Layer B - Source-of-truth Artifacts¶
These include product specs, architecture notes, API contracts, decision records, and behavioural examples. Spec Kit, SPDD, BDD, and TDD all supply useful artifact forms here, even if they differ in emphasis (Spec Kit docs; SPDD; Cucumber BDD docs; Martin Fowler Testing Guide).
Layer C - Task Packet¶
This is the runtime object the agent actually consumes for the next unit of work. A good packet should contain the exact objective, relevant files, constraints, acceptance checks, and references to deeper docs. This is an inference from the evidence rather than a source-defined standard, but it is strongly consistent with outcome-first prompting guidance, file-scoped prompting advice, and benchmark pressure toward better context precision (OpenAI GPT-5.5 guide; Claude Code best practices; ContextBench).

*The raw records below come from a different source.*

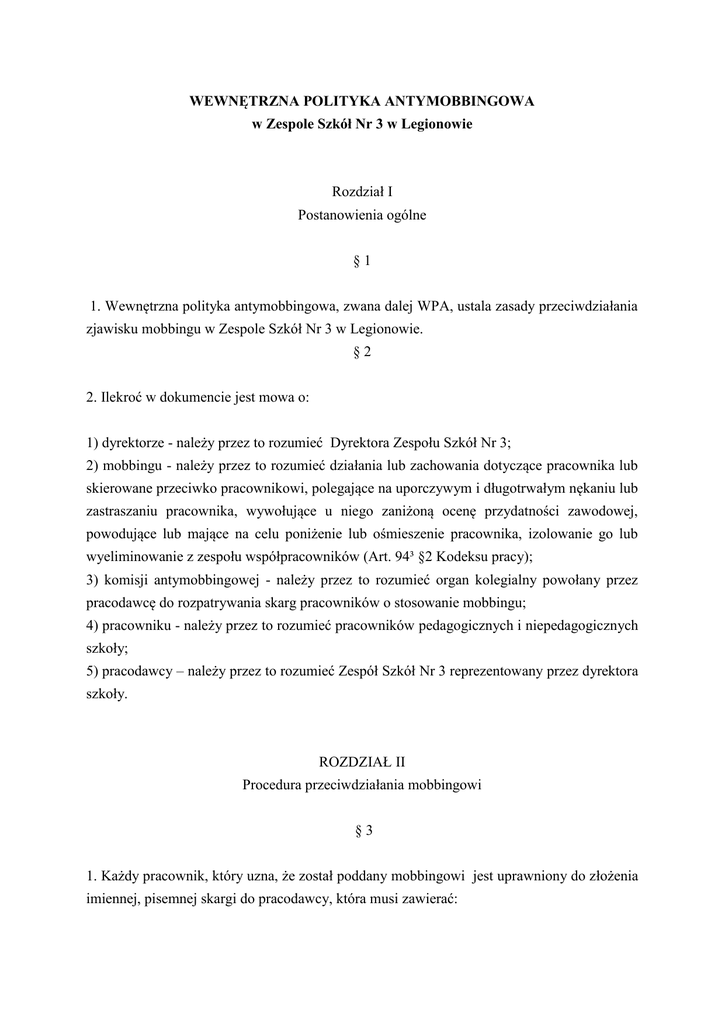 WEWNĘTRZNA POLITYKA ANTYMOBBINGOWA w Zespole Szkół Nr 3 w Legionowie Rozdział I Postanowienia ogólne §1 1. Wewnętrzna polityka antymobbingowa, zwana dalej WPA, ustala zasady przeciwdziałania zjawisku mobbingu w Zespole Szkół Nr 3 w Legionowie. §2 2. Ilekroć w dokumencie jest mowa o: 1) dyrektorze - należy przez to rozumieć Dyrektora Zespołu Szkół Nr 3; 2) mobbingu - należy przez to rozumieć działania lub zachowania dotyczące pracownika lub skierowane przeciwko pracownikowi, polegające na uporczywym i długotrwałym nękaniu lub zastraszaniu pracownika, wywołujące u niego zaniżoną ocenę przydatności zawodowej, powodujące lub mające na celu poniżenie lub ośmieszenie pracownika, izolowanie go lub wyeliminowanie z zespołu współpracowników (Art. 94³ §2 Kodeksu pracy); 3) komisji antymobbingowej - należy przez to rozumieć organ kolegialny powołany przez pracodawcę do rozpatrywania skarg pracowników o stosowanie mobbingu; 4) pracowniku - należy przez to rozumieć pracowników pedagogicznych i niepedagogicznych szkoły; 5) pracodawcy – należy przez to rozumieć Zespół Szkół Nr 3 reprezentowany przez dyrektora szkoły. ROZDZIAŁ II Procedura przeciwdziałania mobbingowi §3 1. Każdy pracownik, który uzna, że został poddany mobbingowi jest uprawniony do złożenia imiennej, pisemnej skargi do pracodawcy, która musi zawierać: 1) określenie z imienia i nazwiska sprawcy (sprawców); 2) przedstawienie stanu faktycznego oraz konkretnych dowodów na poparcie przytoczonych okoliczności (data, miejsce, świadkowie zdarzenia, itp.); 3) określenie częstotliwości zdarzeń; 4) opis wszelkich dodatkowych form i aspektów działań będących przedmiotem skargi; 5) przedstawienie indywidualnych skutków, psychicznych, zdrowotnych i innych opisywanych zdarzeń; 6) własnoręczny podpis poszkodowanego oraz datę. 2. Przed złożeniem skargi pracownik może starać się samodzielnie wyjaśnić wszelkie okoliczności i dążyć do polubownego rozwiązania sporu. §4 1. Do rozpatrzenia skargi pracownika pracodawca w terminie 5 dni od daty jej wpłynięcia, zarządzeniem powołuje Komisję ds. Przeciwdziałania Mobbingowi, zwaną dalej komisją, w skład której wchodzą: 1) pracownik wskazany przez osobę mobbingowaną spośród pracowników szkoły; 2) przedstawiciel zakładowej organizacji związkowej ZNP; 3) dyrektor lub przedstawiciel Rady Pedagogicznej wskazany przez Dyrektora szkoły 2. Pracami komisji kieruje Przewodniczący, wybrany na pierwszym posiedzeniu Komisji, zwykłą większością głosów. 3. Celem prac Komisji jest rozpatrywanie skarg pracowników na mobbing oraz rzetelne prowadzenie postępowań wyjaśniających. 4. Komisja w swoich działaniach kieruje się obiektywizmem i bezstronnością wobec stron oraz dąży do jak najszybszego wyjaśnienia zgłoszonych skarg. Komisja rozpatruje skargę z zachowaniem zasad bezstronności i poufności. 5. Komisja jest upoważniona do: a) przeglądania dokumentów niezbędnych do wyjaśnienia sprawy; b) wysłuchania skarżącego i oskarżonego o mobbing; c) wysłuchania osób wskazanych przez strony postępowania jako świadków zdarzeń; d) przeprowadzenia innych działań, które miałyby istotne znaczenie w postępowaniu wyjaśniającym. 6. Komisja rozpoczyna postępowanie w ciągu 14 dni roboczych od dnia złożenia skargi. 7. Komisja prowadzi postępowanie przy udziale pracowników, o których mowa w § 4 ust. 1. 8. Komisja obraduje w pełnym składzie. 9. Członkowie Komisji są zobowiązani do zachowania w tajemnicy informacji zdobytych w trakcie lub w związku z rozpatrywaną skargą. 10. Członkowie Komisji winni być zaznajomieni z problematyką mobbingu, a także z przepisami dotyczącymi ochrony danych osobowych i procedur dotyczących ochrony danych osobowych. 11. Po wysłuchaniu wyjaśnień stron konfliktu oraz przeprowadzeniu postępowania dowodowego komisja podejmuje decyzję zwykłą większością głosów, co do zasadności rozpatrywania skargi. 12. Z posiedzenia Komisji sporządzany jest protokół, który powinien zawierać wnioski dotyczące prowadzonego postępowania oraz ewentualne propozycje odnośnie sposobów zakończenia konfliktu. Protokół podpisują wszyscy członkowie komisji. 13. Komisja przedstawia protokół pracodawcy w ciągu 7 dni roboczych od zakończenia postępowania wyjaśniającego. 14. Przewodniczący komisji albo wyznaczona przez niego osoba informuje w formie pisemnej wraz z uzasadnieniem pracownika, który złożył skargę, mobbingowanego oraz pracownika, któremu zarzuca się stosowanie mobbingu, o podjętym przez komisję rozstrzygnięciu, w terminie 4 dni roboczych od dnia jego podjęcia. 15. Dokumenty powstałe w wyniku postępowania Komisji przewodniczący przekazuje do kadr, gdzie są przechowywane w założonym segregatorze „Mobbing w szkole”. 16. Protokoły z posiedzeń Komisji (w tym kserokopie) oraz inne dokumenty są udostępniane tylko za zgodą przewodniczącego Komisji. 17. Wyłączenie członka ze składu Komisji może nastąpić na wniosek uczestnika postępowania, jeżeli zachodzą okoliczności mogące mieć wpływ na jego bezstronność. 18. Uczestnik postępowania składa wniosek do dyrektora o wyłączenie członka ze składu komisji w terminie 7 dni od daty ogłoszenia zarządzenia. Jeżeli dyrektor jest obwinionym lub składającym skargę, wniosek składa się do przewodniczącego Komisji. §5 1. Postępowanie prowadzone przez Komisję nie zamyka, każdej ze stron konfliktu, możliwości skierowania sprawy na drogę postępowania sądowego. 2. W razie uznania skargi za zasadną wobec obwinionego, pracodawca może zastosować upomnienie lub naganę oraz zmienić stosunek pracy w sposób przewidziany w kodeksie pracy. 3. W przypadku, gdy oskarżonym jest dyrektor szkoły, w razie uznania skargi za zasadną, komisja powiadamia organ prowadzący o treści postępowania. ROZDZIAŁ III Postanowienia końcowe §6 1. Pracodawca w 
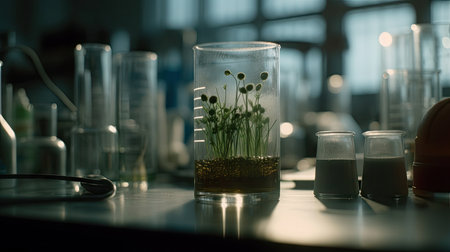 Green Plant Sprouts in Laboratory Glassware Illuminated with Soft Light. Biotechnology concept background. Generative ai.
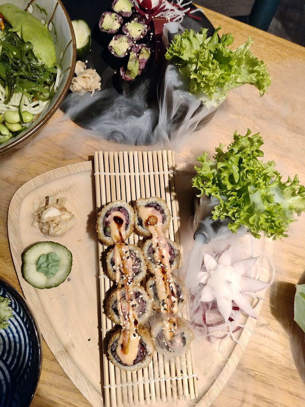 The extra sushi was a good idea as well, they put some liquid nitrogen (I think) so that you get fog on the table and it looks really cool!!
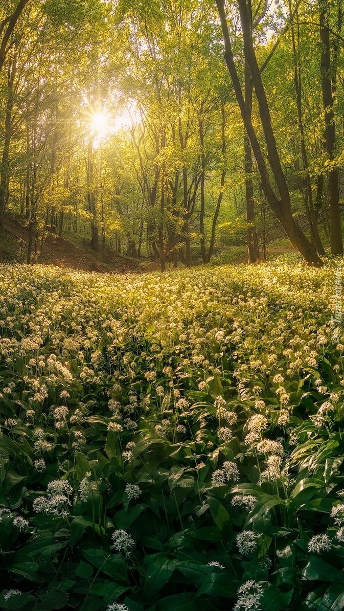 Edytor tapety: Czosnek niedźwiedzi w słonecznym lesie
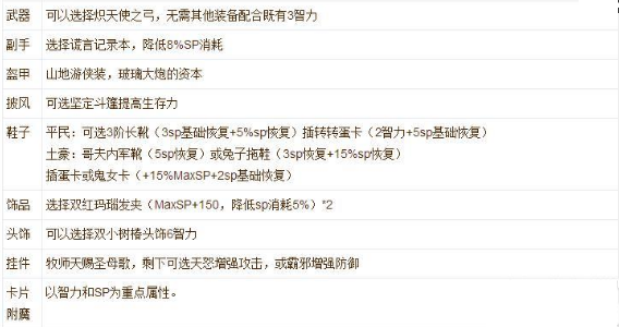 SP%恢复主要来自于牧师的圣母颂歌200%,兔子拖鞋15%,其余不考虑。MaxSP可选小恶魔气球10%,鬼女卡15%,以及双玛瑙发夹都有提供300SP。
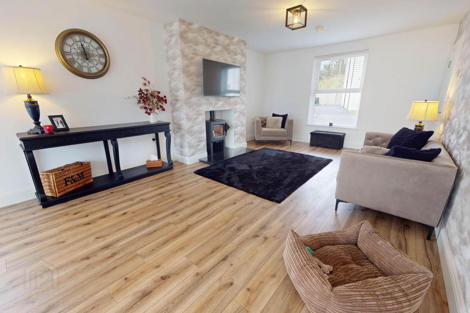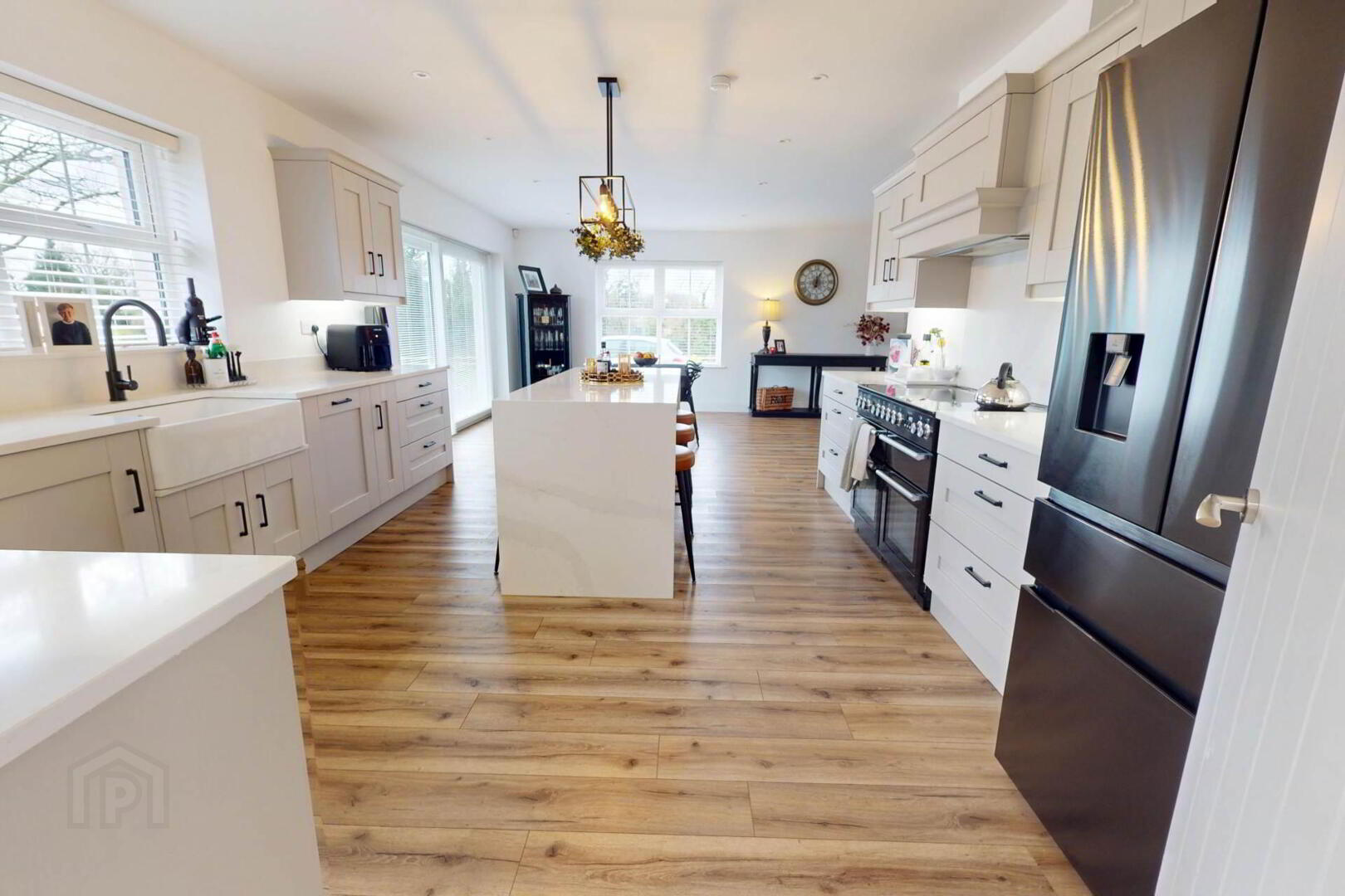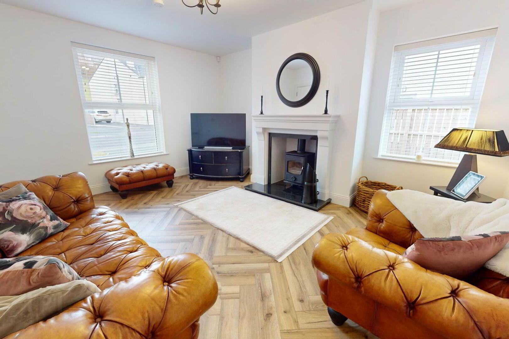 The bright front living room is centred around a modern wood burning stove, while the open plan kitchen/living/dining space offers a second stove and a high end kitchen with quartz worktops, a double-sided waterfall edge island, and seamless flow to the garden, finished with a separate utility room and WC.
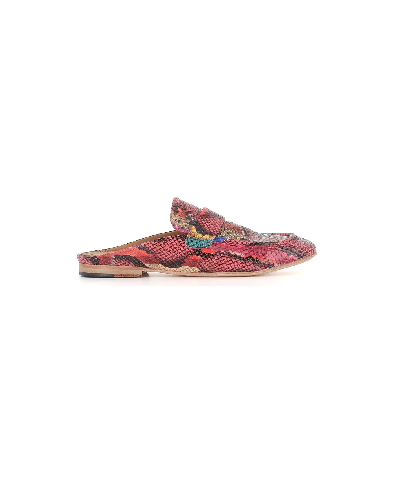 Multicolored python-effect printed leather Sabot from Sturlini, featuring by a square toe. Lined interior. Flexible leather fund. Heel: 2 cm
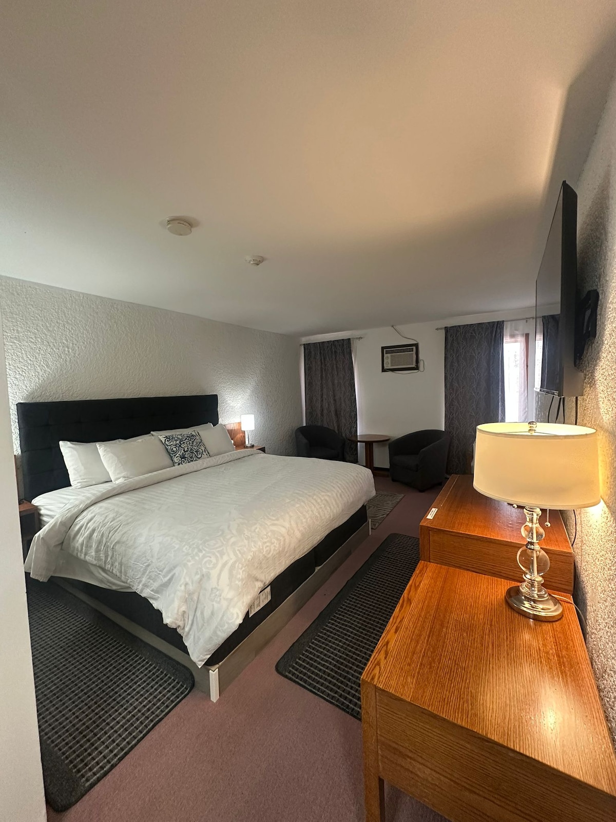 Join us for your next relaxing getaway. Experience small town hospitality, clean air, wide open spaces and peaceful scenery right outside your door. This room has 1 King bed and a living room area
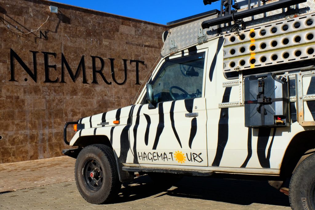 Am späteren Nachmittag erreichen wir die Basisstation des Nemrut Daği. Das ist nicht so einfach bei einem Steigungswinkel von teils 11- 14°. Hartmann kommt schwer ans Pusten … Wir nächtigen in einer Höhe von 1.895 Metern und schlafen in absoluter Ruhe.
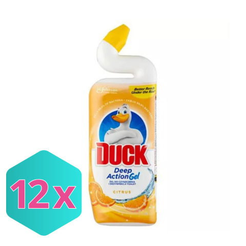 A Duck kacsa egy hatékony fertőtlenítő WC-tisztító gél, melynek citrus illata frissességet kölcsönöz. Tulajdonságok: Hatékony fertőtlenítés: A Duck Deep Action megöli a baktériumok 99,9%-át. Különleges, ívelt nyakának köszönhetően a perem alatti rész is
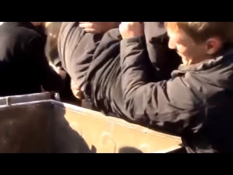 Starving Torez residents protest against Russian intervention in Ukraine blocking the road during a rally in occupied Donetsk oblast of eastern Ukraine.
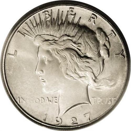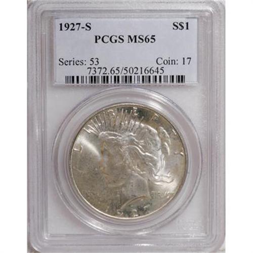 <B>1927-S $1 MS65 PCGS.</B></I> The 1927-S Peace Dollar is, along with the 1925-S and 1928-S, the key to this popular series in Gem grades. A look at the population figures immediately gives some insight into why, as the major grading services combined have certified only 124 1927-S dollars in MS65, with only three finer (7/07). A look at the present coin only confirms its Gem status, as its bright satiny luster combines with a light wash of gold-olive luster to present a pleasing appearance. A few small surface marks can be seen, with one on Liberty's hair over the ear seemingly the only thing preventing an even higher grade.<I><BR>From The Arnold & Harriet Collection.</B></I><BR><BR><B>Coin Engraver:</B> Anthony de Francisci<BR><BR><b>Shipping:</b> Coins & Currency (<a target="_blank" href="http://www.heritageauctions.com/common/shipping.php">view shipping information</a>\)
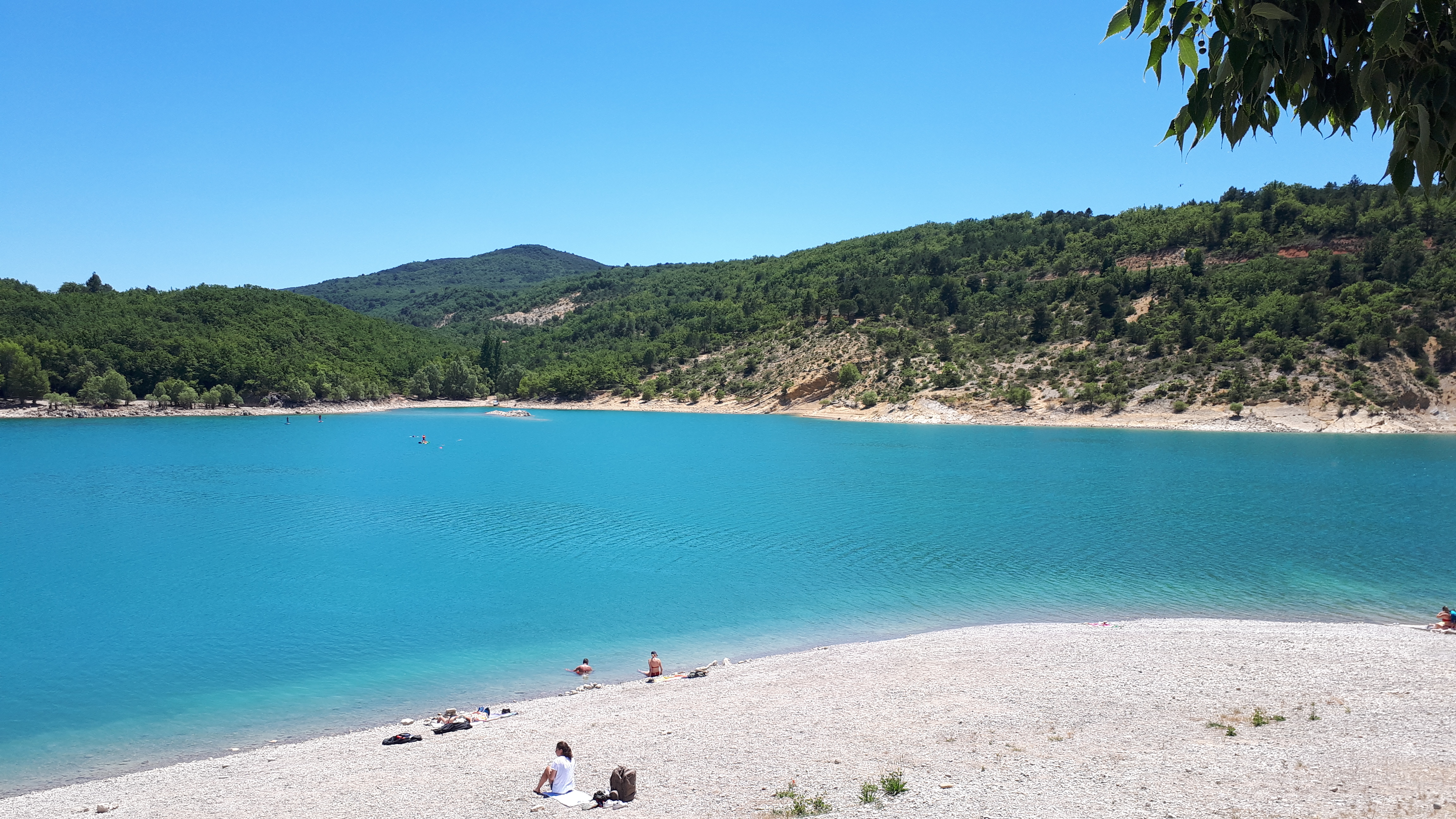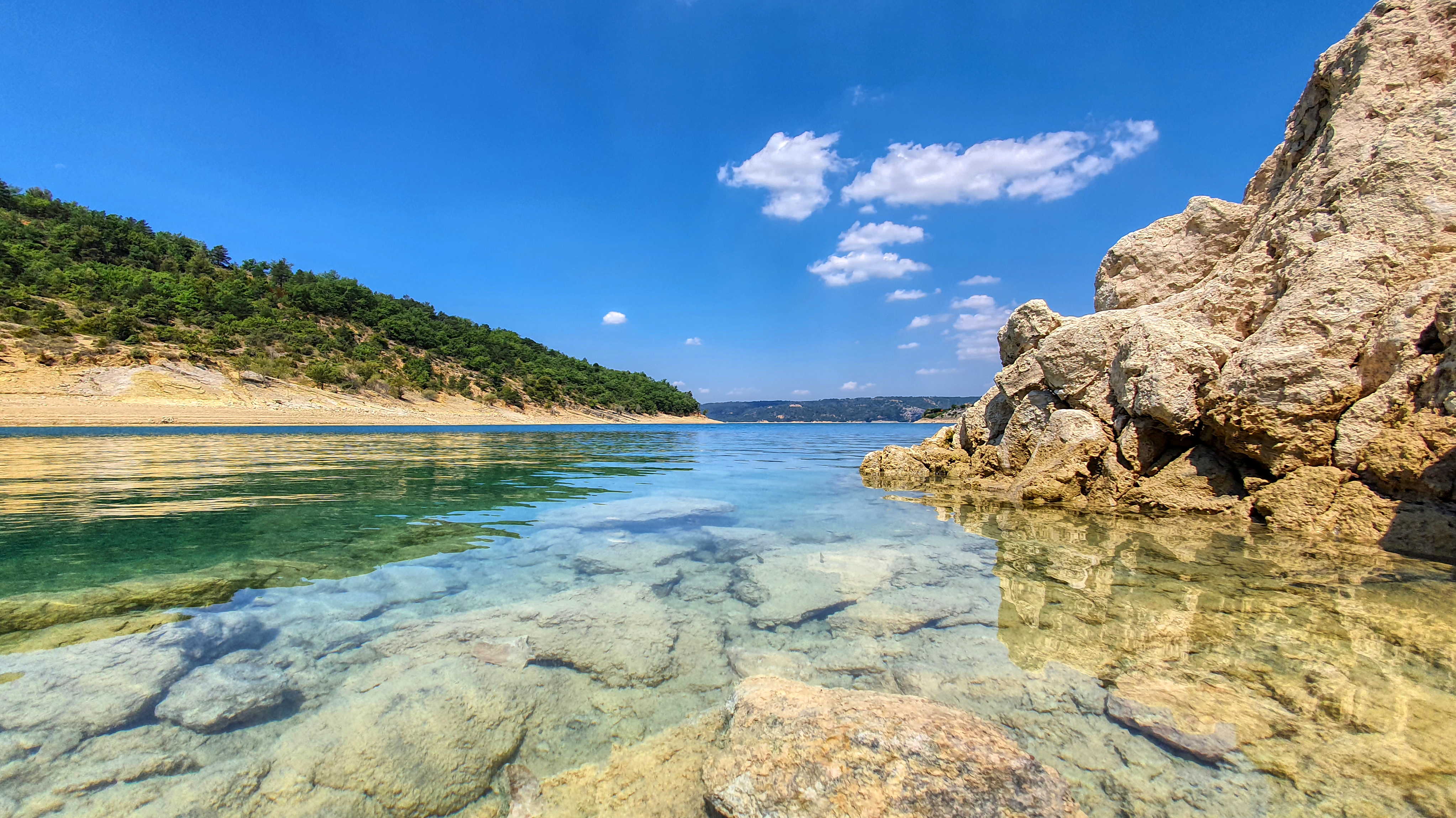 Eau transparente. Plage de petits cailloux, le décor vaut bien çà... Le lac de ste croix est une pure merveille

Layer D - Ephemeral Execution Trace¶
Commands run, tool outputs, and transient reasoning should not all remain in active context forever. Anthropic recommends compaction and context clearing for long sessions; OpenAI documents compaction and state handling for reasoning agents; Google recommends context caching where repeated large inputs would otherwise be expensive (Anthropic context windows; Claude Code best practices; OpenAI GPT-5.5 guide; Gemini long context).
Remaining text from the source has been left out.